***** Excerpted data

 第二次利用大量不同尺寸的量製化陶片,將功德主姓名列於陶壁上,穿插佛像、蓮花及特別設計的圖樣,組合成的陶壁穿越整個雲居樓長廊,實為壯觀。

**********
***** Excerpted data

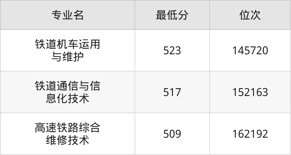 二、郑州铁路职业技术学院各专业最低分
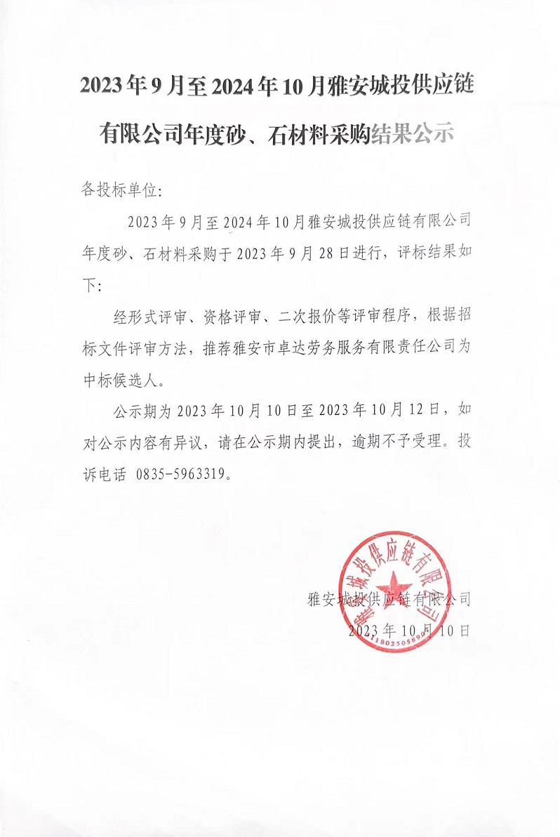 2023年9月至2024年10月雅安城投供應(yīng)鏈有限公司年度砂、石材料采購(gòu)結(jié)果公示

**********

▶ _Directions for this task_
Among the lines above, the one with "二、郑州铁路职业技术学院各专业最低分" opens the part to repeat and the one with "2023年9月至2024年1" closes it; repeat only that part exactly, with no pictures.

▶ _Reply_
 二、郑州铁路职业技术学院各专业最低分
 2023年9月至2024年10月雅安城投供應(yīng)鏈有限公司年度砂、石材料采購(gòu)結(jié)果公示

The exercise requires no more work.